Why Unfamiliarity with SMB Marketing Tools and Best Practices Hurts

As a small/medium business (SMB) owner, you’ve figured out that email marketing works and know that this social media thing could be good for your business. It’s a great way to keep in touch with people who already know you and your company and it’s easy to stay top-of-mind until someone is ready to purchase.

However, what they fail to mention about do-it-yourself (DIY) SMB marketing tools is that there are plenty of SMB marketing best practices used to make these tools successful for your business. What they don’t tell you is this: unless you’re doing everything right to make sure you’re launching your SMB marketing campaigns at optimal times, and using industry best practices, chances are, you’re not actually seeing the benefits of your time and financial investment.

DIY SMB Marketing Tools Leave Room for Failure.

DIY tools for email marketing give you a good starting point to getting the benefits of email and social media marketing. They’ll help you to build out newsletters, create a template, and send emails to multiple people at once. However, what a lot of people fail to realize is that there is a lot of work involved when heading up your own marketing efforts for your SMB. Not to mention, the numerous pitfalls along the way that only come from lots of trial and error.

Trouble Doing Your Own Email Marketing. 

A common occurrence with a lot of people who do email marketing on their own is that they run into issues they might not even know about. Just because you send out an email or social media update doesn’t mean that you’re doing it right. In fact, just the opposite, you could be doing more harm than good. Maybe you went out, bought a list of leads, uploaded it to your contact database and continued to send out newsletters. Something you might not know is that a lot of those email addresses could already be marked as spam by various email filters, thus hurting your primary email address. Now, you’re in trouble because your emails don’t even get sent to someone’s inbox anymore. All that work for nothing.

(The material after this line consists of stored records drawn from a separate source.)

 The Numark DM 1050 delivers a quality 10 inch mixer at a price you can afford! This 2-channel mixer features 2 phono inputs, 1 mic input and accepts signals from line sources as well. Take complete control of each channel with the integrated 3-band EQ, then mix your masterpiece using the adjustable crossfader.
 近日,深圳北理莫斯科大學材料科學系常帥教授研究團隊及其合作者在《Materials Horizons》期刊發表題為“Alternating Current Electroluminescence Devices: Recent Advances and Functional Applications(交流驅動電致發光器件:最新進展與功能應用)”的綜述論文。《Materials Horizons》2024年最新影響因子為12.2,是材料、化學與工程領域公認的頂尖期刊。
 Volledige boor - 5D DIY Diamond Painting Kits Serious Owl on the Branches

Email and Social Have So Many Best Practices.

Whether you’re posting to social media channels or sending out email campaigns, there are a ton of things that can make or break the success of these efforts. Send an email on the wrong day and risk more than half of your audience not even seeing it. Send it at the wrong time of day and they might not even have time to read it. Send something with too many buzz words and you can guarantee you’ll find your emails auto-sent to someone’s SPAM folder.

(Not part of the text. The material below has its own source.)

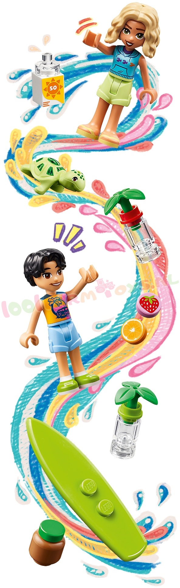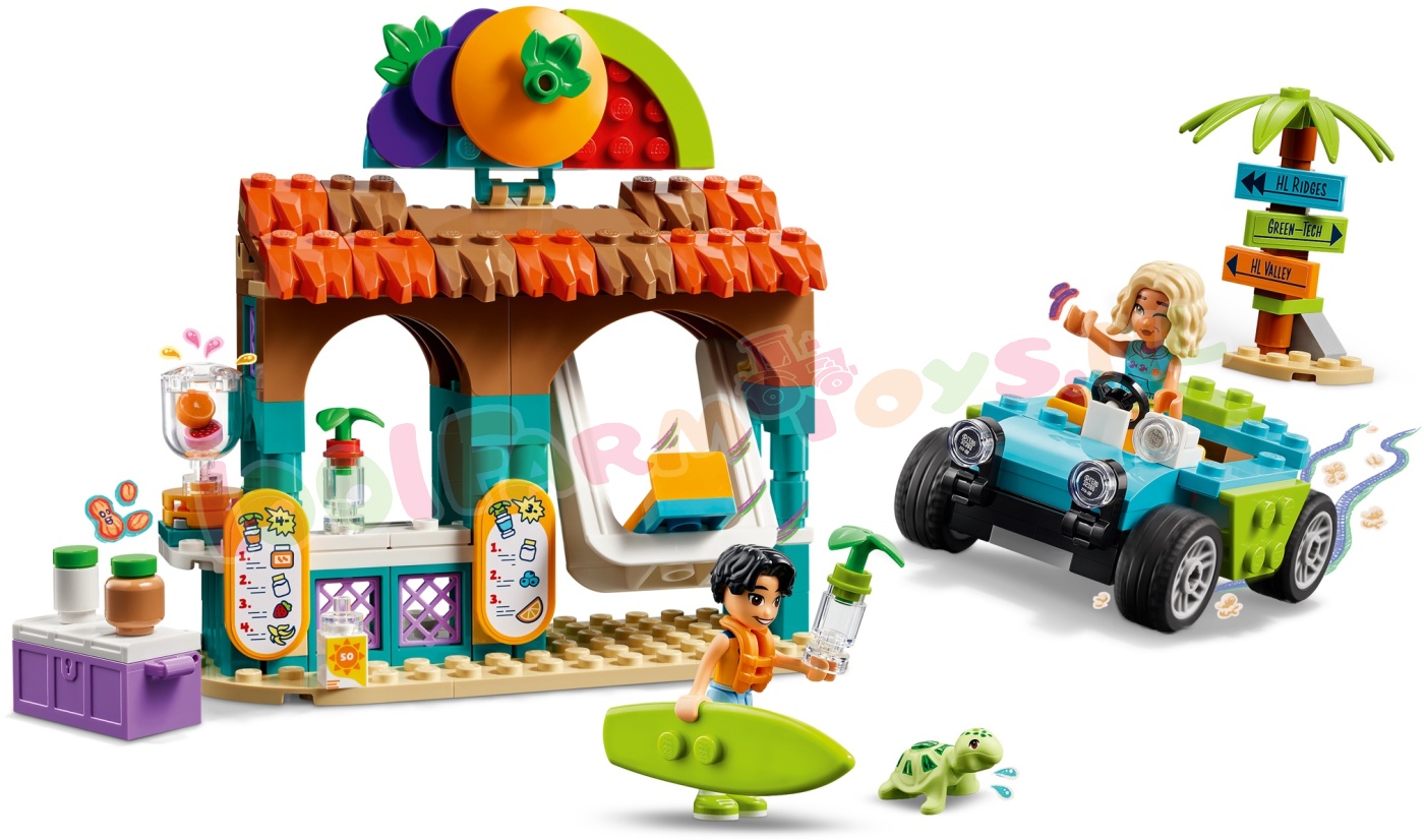 Speelset voor kinderen – meisjes en jongens vanaf 6 jaar kunnen smoothies maken op het strand met deze LEGO® Friends Strand smoothiekraam. inclusief 2 minipoppetjes en een schildpad

Here are some of the things that impact your email marketing success:

  • Subject lines

  • Text to image ratio

  • HTML or text only

  • Day of week sent

  • Time of day sent

  • Too many links

  • Following CAN-SPAM guidelines

Social Media is a Popularity Contest.

When it comes to social media, all social networks are built on algorithms that are structured in a way to show you what it thinks you’ll most likely want to see. So while you might have a Facebook page with a few hundred followers, that does not mean all of those followers will see your new post. But there are things you can do to give your message a fighting chance. The amount of times a day you post, the time of day you send out updates, how often you’re “liking” other peoples stuff, how often your posts get “liked” or clicked, and more. It’s a lot of work to begin with and even more work to do it correctly too.

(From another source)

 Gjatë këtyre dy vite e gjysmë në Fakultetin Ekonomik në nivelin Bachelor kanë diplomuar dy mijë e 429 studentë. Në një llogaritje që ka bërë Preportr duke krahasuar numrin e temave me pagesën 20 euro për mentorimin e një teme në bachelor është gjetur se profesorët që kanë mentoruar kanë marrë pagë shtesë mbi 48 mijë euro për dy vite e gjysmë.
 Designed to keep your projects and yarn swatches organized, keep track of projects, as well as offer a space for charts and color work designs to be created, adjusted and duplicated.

Do-It-Yourself or Do-It-For-Me?

While DIY tools for email and social media are a great way to take ownership of your brand and customer outreach, at the end of the day, there’s a lot of “gotchas” that can really hurt you in the long-run if you don’t familiarize yourself with both the best practices and also the best practices, tips and tricks too.

DIY tools have their place and sometimes, it’s easier to just say “do it for me.” For small business owners, the time you have in a day to tackle your marketing is less than ideal but it’s a crucial part of your business. Sometimes, it’s just easier and more efficient to have someone do the hard work for you than it is to become a part-time marketer too.